P.S. Try as I might, they resist being evaluated and there are indications these higher order integrals may not be expressible by ordinary polylogs.

Solution 1:

$\newcommand{\Li}{\mathrm{Li}}$You are probably correct that the sufficiently higher order sums do not have a closed form in terms of classical polylogarithms. In particular the $k=6$ sum should not have such an expression, although this claim rests on some big conjectures (the so-called Grothendeick Period Conjecture, or some sufficiently special-case). However the $k=5$ case does appear to have a closed form, as given below.

Essentially there is an algebraically defined version of (Nielsen) polylogs, the so-called motivic (Nielsen) polylogs. These objects have a much richer structure, and there is an invariant (the coproduct $\Delta$ and the cobracket $\delta$) which can distinguish Nielsen from classical polylogs. The cobracket $\delta\Li_n(x) = 0 $, whereas $ \delta S_{5,2}(x) = \Li_2(x) \wedge \Li_5(1) + \Li_4(x) \wedge \Li_3(1) \neq 0 $; the factors of the wedge are viewed modulo products. In particular, $ \delta S_{5,2}(\frac{1}{2}) = \Li_4(\frac{1}{2}) \wedge \zeta(3) \neq 0 $. (Can check that $L_4(\frac{1}{2}) / \zeta(4) \not\in \mathbb{Q} $, where $ L_4 $ is some single-valued version of $\Li_4$.)

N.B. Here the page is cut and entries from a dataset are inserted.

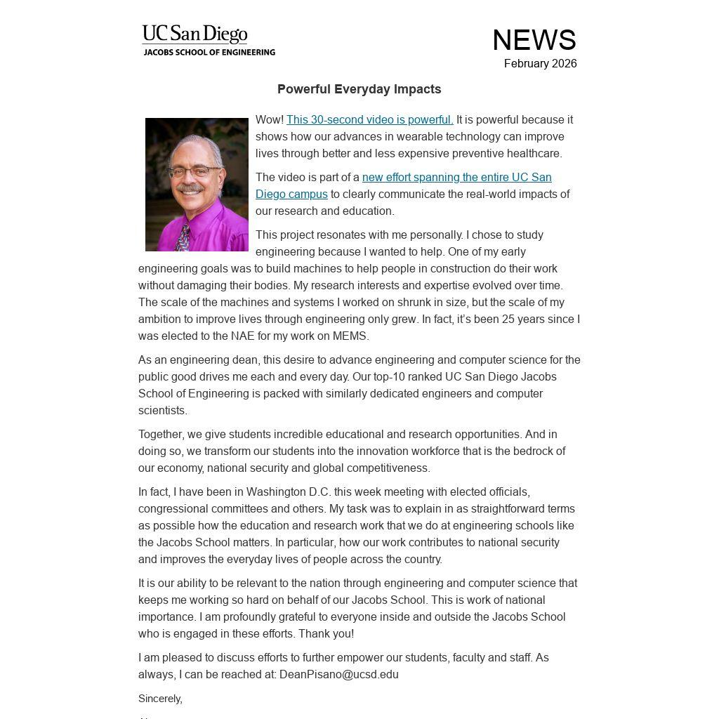 It is our ability to be relevant to the nation through engineering and computer science that keeps me working so hard on behalf of our Jacobs School. This is work of national importance. I am profoundly grateful to everyone inside and outside the Jacobs School who is engaged in these efforts. Thank you!
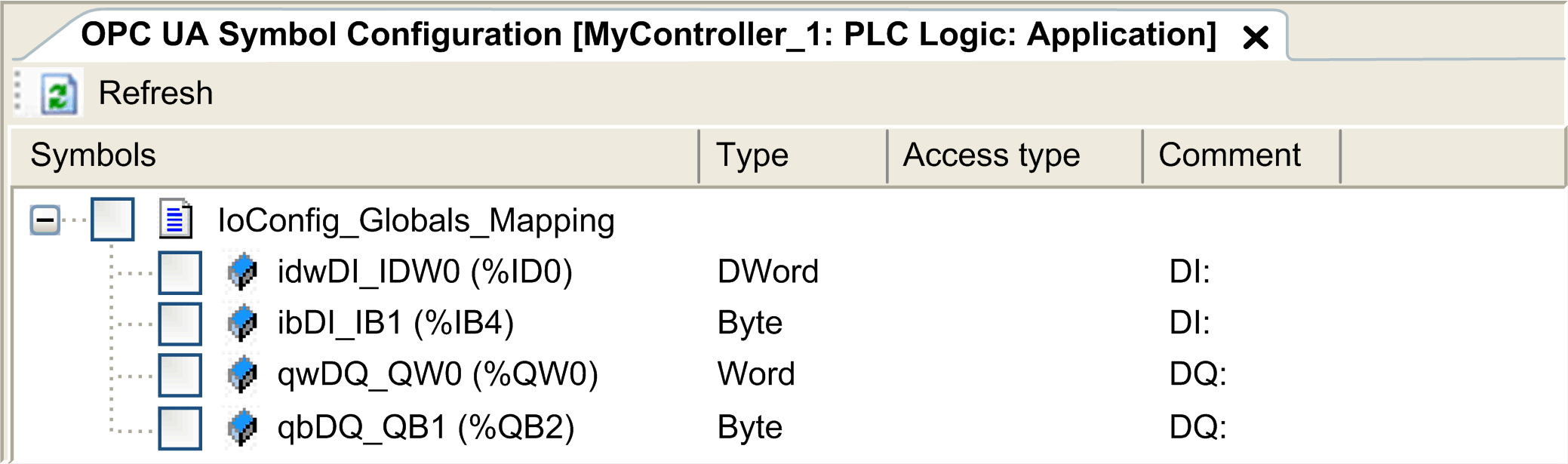 Bit memory variables (%MX) cannot be selected. In addition to IEC base data types, the OPC UA server can also expose OPC UA variables from IEC symbols that are composed of the following complex types:
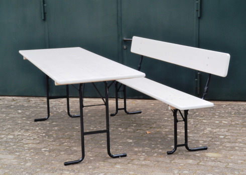 Tisch 220x70cm, Bänke mit Lehne, je Garnitur 3 € / Tag

However $ \delta S_{4,2}(x) = \Li_3(x) \wedge \Li_3(1) $, and since $ \Li_3(\frac{1}{2}) = \frac{7}{8} \zeta(3) - \frac{1}{2} \zeta(2) \log(2) + \frac{1}{6} \log(2)^3 $, one gets $$ \delta S_{4,2}\Big(\frac{1}{2}\Big) = \frac{7}{8} \zeta(3) \wedge \zeta(3) = 0 \,, $$ by the antisymmetry of the wedge. Another Big Conjecture from Goncharov claims that classical polylogs are exactly the kernel of this cobracket, so conjecturally we should be able to expression $ S_{4,2}(\frac{1}{2}) $ in terms of $ \Li_6 $.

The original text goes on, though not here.